Brief:
Transcribe exactly, and only, the lines running from the one that contains "6. Кирк Дуглас" through the last line of the material. No pictures.
START Dataset content
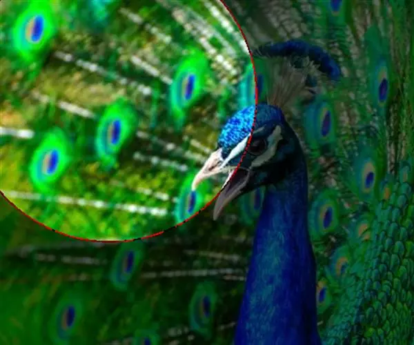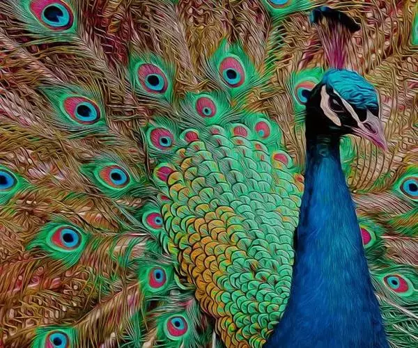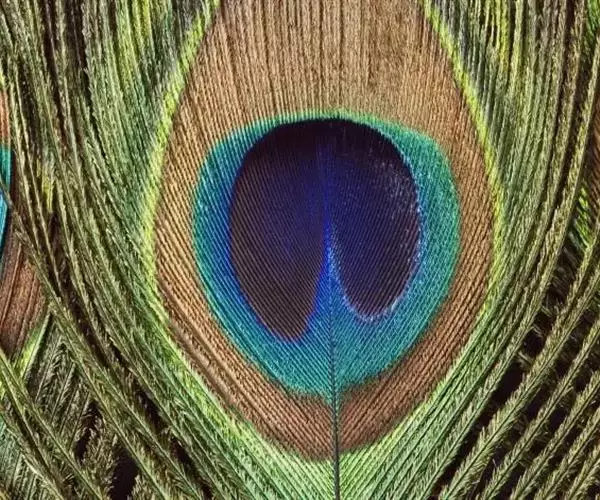 蓝孔雀羽片上缀有眼状斑,这种眼状斑是由紫、蓝、黄、红等构成。开屏时光彩夺目,尾羽上反光的蓝色的“眼睛”可以用来吓天敌。蓝孔雀还会抖动其尾羽,发出“沙沙”声。雌性蓝孔雀比较容易受“眼睛”多的雄鸟的吸引。雌性相对于雄鸟雌鸟比较小,很不显眼,其身长仅约1米,重2.7至4千克。羽色主要为灰褐,无尾屏,无距。幼孔雀的羽冠簇为棕色,颈部背面为深蓝绿色,羽毛松软,有时出现棕黄色。
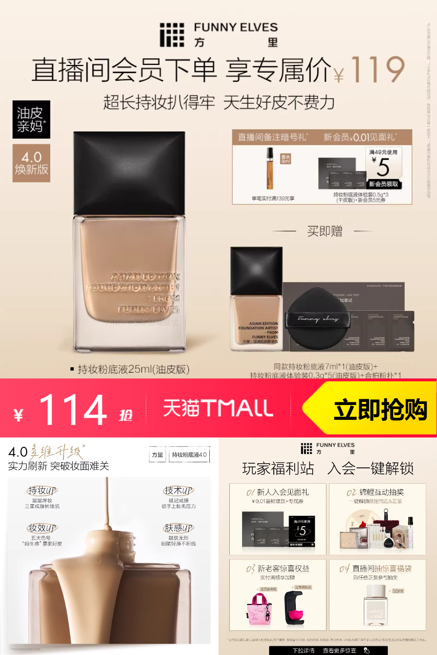 【活动价140-立减21-会员券5-淘金币抵扣2.8,买即赠同款持妆粉底液7ml(油皮版)+粉底液体验装0.3g*5+合拍粉扑*1】持久不脱妆,无论是晨间出门还是午后的阳光下,始终保持完美妆容。
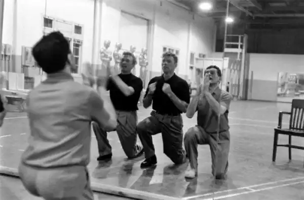 6. Кирк Дуглас и Берт Ланкастер с хореографом Джек Коул репетируют свой танцевальный номер под песню “It’s Great Not to Be Nominated” 1958г.
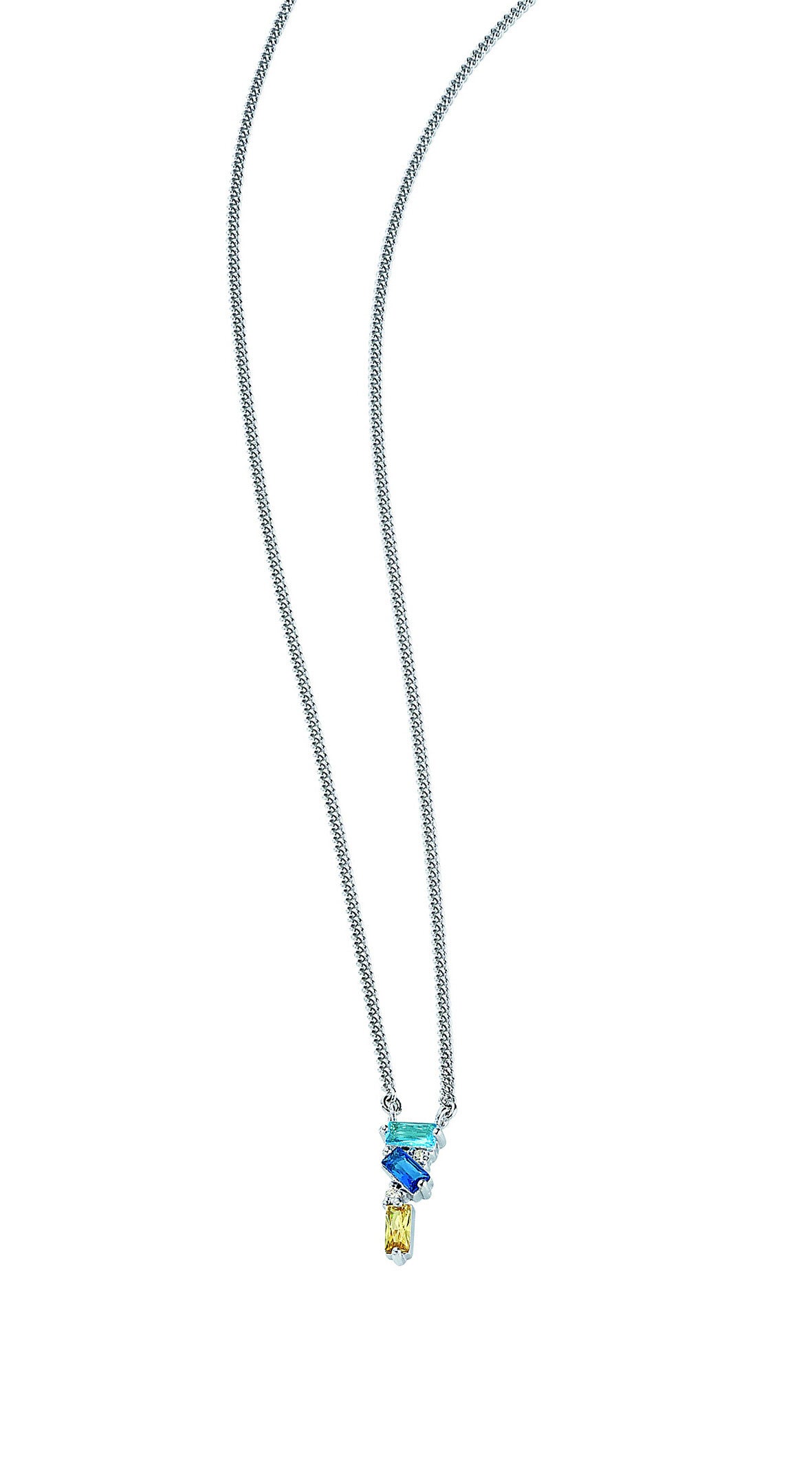 Dieses feine Collier aus rhodiniertem 925er Silber verzaubert mit funkelndem Zirkonia- und Glasstein-Besatz.
END Dataset content
Response for this exercise:
 6. Кирк Дуглас и Берт Ланкастер с хореографом Джек Коул репетируют свой танцевальный номер под песню “It’s Great Not to Be Nominated” 1958г.
 Dieses feine Collier aus rhodiniertem 925er Silber verzaubert mit funkelndem Zirkonia- und Glasstein-Besatz.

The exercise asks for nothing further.